Assignment >>
What you return should be the full listing, word for word, without a single image.

Raw data: Begin

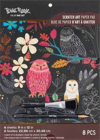 SCRATCH ART: PAPER PAD - OWL MOON - Explore the mystery of the night with the Brea Reese Scratch Art Paper Pad - Owl Moon. Scratch and Display! Follow the outlines to reveal the art beneath. Scratch as much or as little as you like! This guided art kit includes 6 detailed illustrations of owls soaring through the moonlit sky. Scratch away the surface to reveal glowing metallics and rich colors that make each nocturnal scene come alive. Equipped with a dual-tip stylus and brush, this kit offers the tools you need for precise crafting. The perforated pages are easy to tear out, allowing you to frame your finished artwork for a mystical addition to your décor. Craft kit INCLUDES 6 Design Sheets (9" x 12"), 1 Brush, and 1 Dual-Tip Stylus.
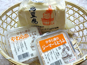 島豆腐の店です。沖縄のお豆腐は普段食べている豆腐とは違います。豆腐自体に味がありしっかりしています。調理しても煮崩れしないのでチャンプルや厚揚げにもOK。ジーマミ豆腐は落花生と生のピーナツで作られた2種類があります。
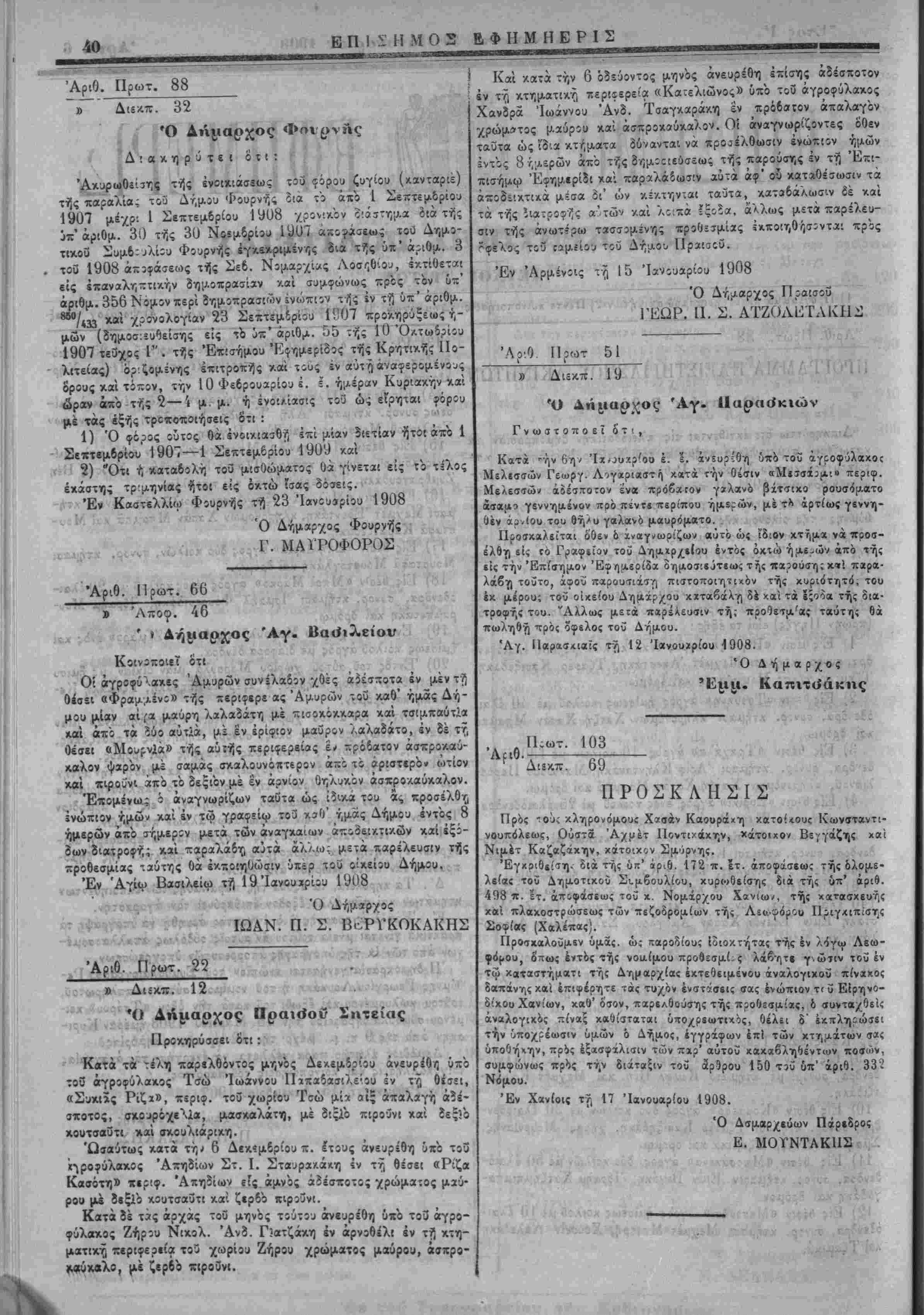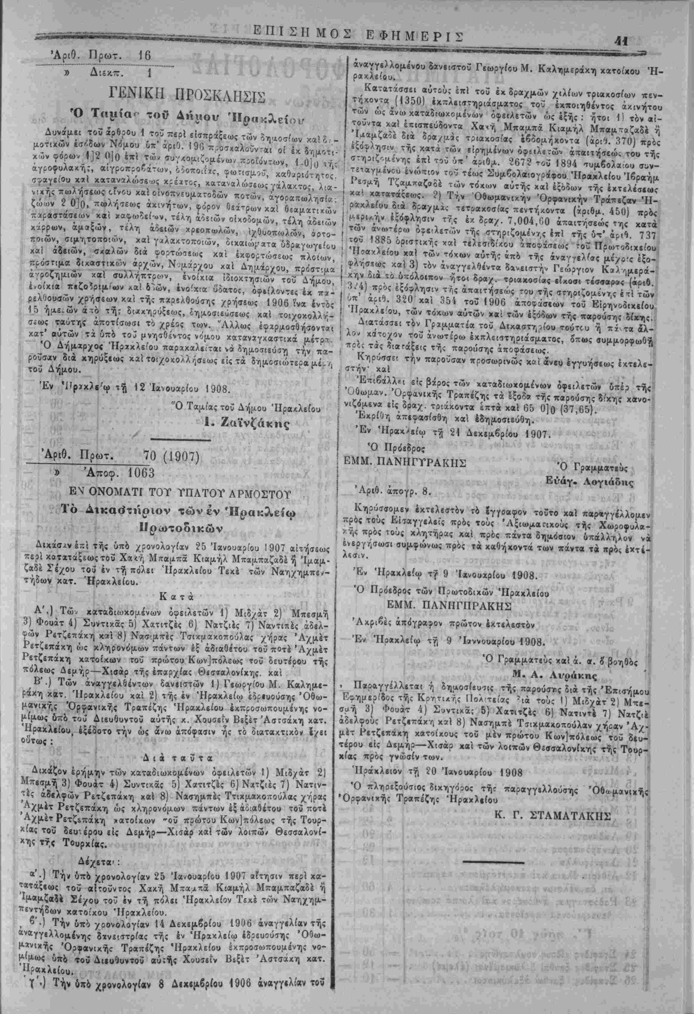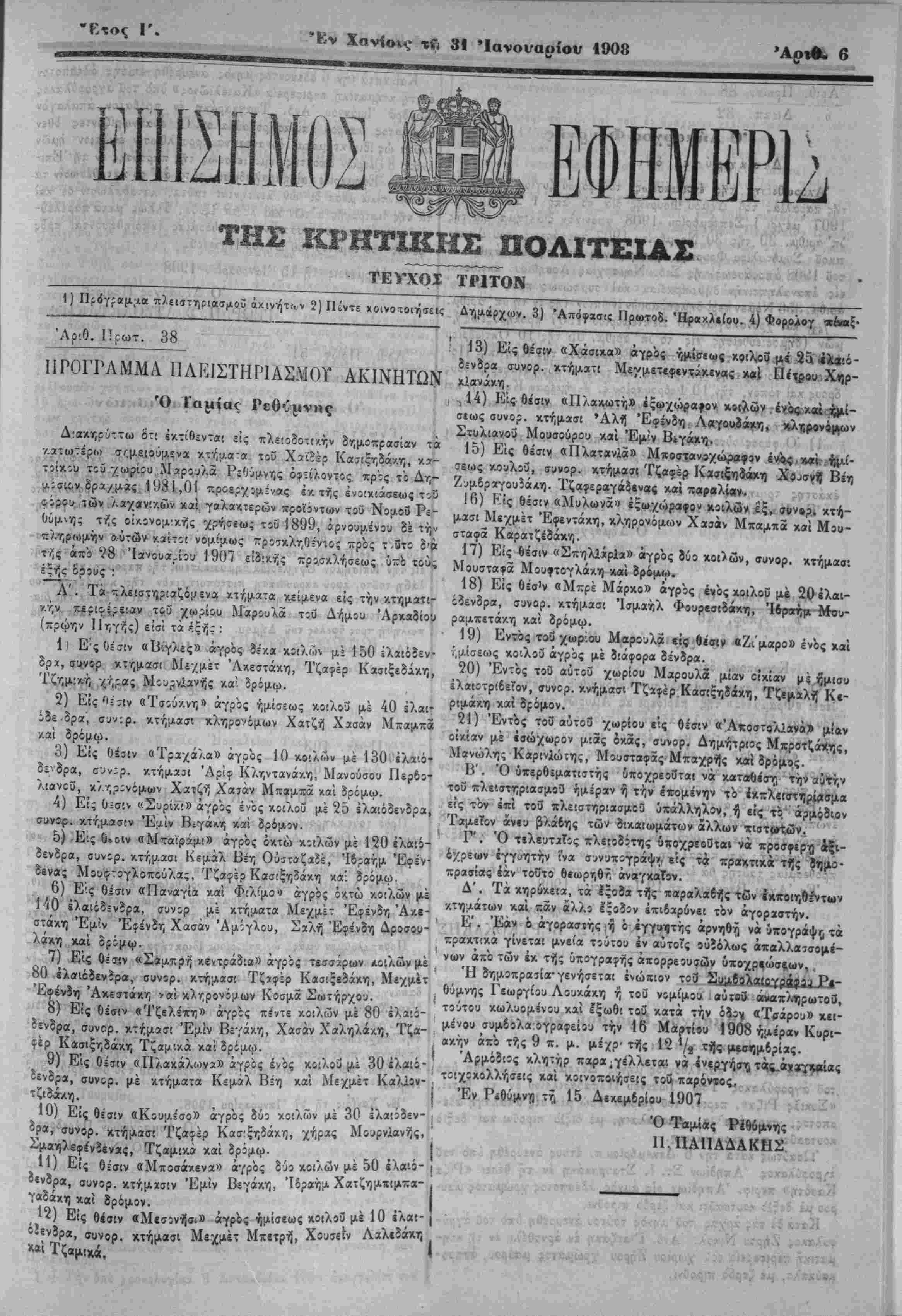 ! τούτου κωλυομένου καί Ιξωβι τοϋ κατά την όίϊγ «Τ<χάρου» κει¬ μένου συμίολα ογρβφείου την 16 Μαρτίβυ 1908 ημέραν Κυρι- ( «/.ήν άπό τ?,ς 9 π. μ. μέχρ- τής 12 7ϊ τής μεσημβρίας. ! Άρμόδϋς κλητήρ παρα ,γέλλεται νά ενεργήση τάς.ά»3γκβί«ς τοιχίχολλήσείς καί κοινοποιήσεις τοϋ παρ4ν»ος, ( Έν ΡίθύμνΤ) τ?ί 15 Δικεμδρίου 1907 ', Ό Ταμίας Ρίθ6μνης ! 11, ΠΑΠΑΔΑΚΗΣ

Raw data: End

Answer space >>
 SCRATCH ART: PAPER PAD - OWL MOON - Explore the mystery of the night with the Brea Reese Scratch Art Paper Pad - Owl Moon. Scratch and Display! Follow the outlines to reveal the art beneath. Scratch as much or as little as you like! This guided art kit includes 6 detailed illustrations of owls soaring through the moonlit sky. Scratch away the surface to reveal glowing metallics and rich colors that make each nocturnal scene come alive. Equipped with a dual-tip stylus and brush, this kit offers the tools you need for precise crafting. The perforated pages are easy to tear out, allowing you to frame your finished artwork for a mystical addition to your décor. Craft kit INCLUDES 6 Design Sheets (9" x 12"), 1 Brush, and 1 Dual-Tip Stylus.
 島豆腐の店です。沖縄のお豆腐は普段食べている豆腐とは違います。豆腐自体に味がありしっかりしています。調理しても煮崩れしないのでチャンプルや厚揚げにもOK。ジーマミ豆腐は落花生と生のピーナツで作られた2種類があります。
 ! τούτου κωλυομένου καί Ιξωβι τοϋ κατά την όίϊγ «Τ<χάρου» κει¬ μένου συμίολα ογρβφείου την 16 Μαρτίβυ 1908 ημέραν Κυρι- ( «/.ήν άπό τ?,ς 9 π. μ. μέχρ- τής 12 7ϊ τής μεσημβρίας. ! Άρμόδϋς κλητήρ παρα ,γέλλεται νά ενεργήση τάς.ά»3γκβί«ς τοιχίχολλήσείς καί κοινοποιήσεις τοϋ παρ4ν»ος, ( Έν ΡίθύμνΤ) τ?ί 15 Δικεμδρίου 1907 ', Ό Ταμίας Ρίθ6μνης ! 11, ΠΑΠΑΔΑΚΗΣ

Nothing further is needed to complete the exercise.